True to her word, the emergency team arrived seconds later. Janis heard them speaking loudly from the front of the house.
“There appears to be nothing amiss.”
“God, not ANOTHER false alarm!”
“We'll check the perimeter.”
“Okay men…”
“And women!”
“…And women, lets head on around.”
Immediately following this last order, two officers appeared from around the left side of the house. One of them, the small red-headed woman, Janis recognized as her mother, Helen Weiss. The other was a slightly pudgy man in his late forties, his balding head covered by his blue officer's hat. This man was Helen's partner and close friend, Aaron Reicker.
“We got injured, captain!” Aaron yelled back around the house, “Man, they look bad. And what in God's name is that thing?”
“Alright, bring that ambulance around back, folks. We got people hurt back there. Lets go, lets go!”
The piercing wail of a siren assaulted Janis's ears, and she could see the reflection of the dancing red lights as the vehicle pulled all the way up the driveway. A group of people hopped out, carrying stretchers, and made their way into the backyard.
“Poor things…two of `em seemed to have passed on. The boy looks like he's alive, though. Well, lets get `em up,” the man who looked like he was in charge of the ambulance crew said.
“Careful, he's got a head wound,” Janis said as they stabilized the boy and put him on the stretcher.

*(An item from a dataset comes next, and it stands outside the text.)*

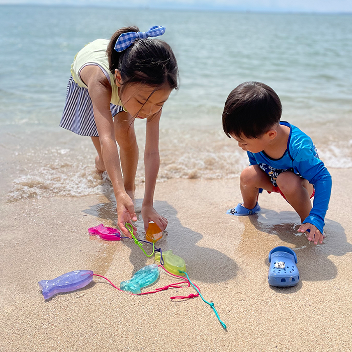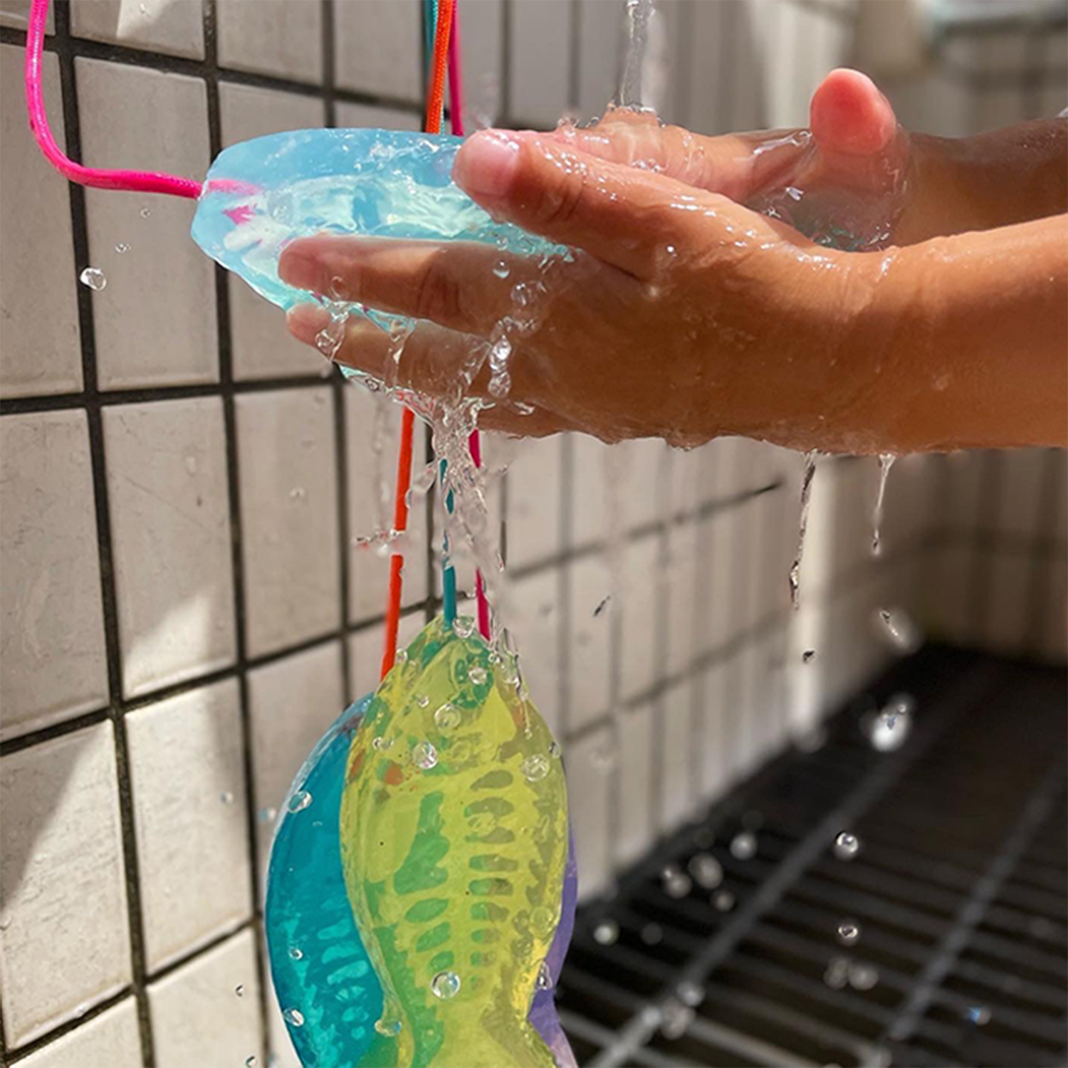 蛇口などに吊り下げて、洗面所やお風呂が楽しい空間に。

The head EMT nodded and kept the makeshift bandage pressed over the bleeding cut.
“You want to come in the ambulance with us? It may do him good to see someone near his age when he wakes up. Might prevent him from goin' nuts, too,” he asked. Janis looked silently at her mother, who nodded her approval.
“Give me a call when he wakes up, okay Janis? Get his name and we'll try to locate his family, if he has any left,” Helen instructed her daughter as Janis climbed into the emergency vehicle.
“Don't worry mom, I will,” Janis smiled at her mom before an EMT shut the hatch and the ambulance screamed off to the hospital in the nearby city of Manchester.